From: Thomas Gleixner
Date: Thu Nov 02 2017 - 12:03:45 EST


On Thu, 2 Nov 2017, Andy Lutomirski wrote:
> > On Nov 2, 2017, at 1:45 PM, Thomas Gleixner <tglx@xxxxxxxxxxxxx> wrote:
> > Simpler is not the question. I want to avoid mapping the whole IST stacks.
> >
>
> OK, let's see. We can have the IDT be different in the user tables and
> the kernel tables. The user IDT could have IST-less entry stubs that do
> their own CR3 switch and then bounce to the IST stack. I don't see why
> this wouldn't work aside from requiring a substantially larger entry
> stack, but I'm also not convinced it's worth the added complexity. The
> NMI code would certainly need some careful thought to convince ourselves
> that it would still be correct. #DF would be, um, interesting because of
> the silly ESPFIX64 thing.

> My inclination would be to deal with this later. For the first upstream
> version, we map the IST stacks. Later on, we have a separate user IDT
> that does whatever it needs to do.
>
> The argument to the contrary would be that Dave's CR3 code *and* my entry
> stack crap gets simpler if all the CR3 switches happen in special stubs.
>
> The argument against *that* is that this erase_kstack crap might also
> benefit from the magic stack switch. OTOH that's the *exit* stack, which
> is totally independent.

My initial thought was: Use always IST stub stacks for entry and exit.
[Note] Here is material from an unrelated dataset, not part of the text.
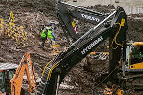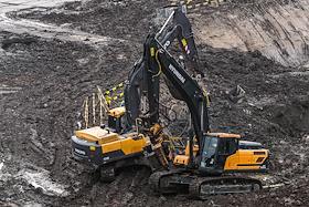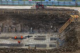 Жанровая фотография. Строительство многоэтажного жилого дома. Строительная техника во время рытья котлована.
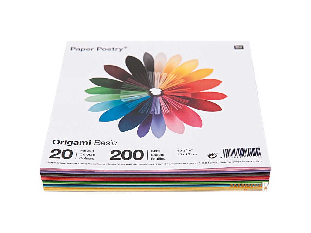 Origami basic, 15x15cm, mix200ks, 20 barev

So the entry/exit stubs deal with the CR3 stuff and also with the extra
magic for espfix and nested NMIs, etc. Once that is done, you just flip
over to the relevant kernel internal stack and switch back to the user
visible one on return. Haven't thought that through completely, but in my
naive view it made stuff simpler.

> FWIW, I want to get rid of the #DB and #BP stacks entirely, but that does
> not deserve to block this series, I think.

Agreed.

Thanks,

tglx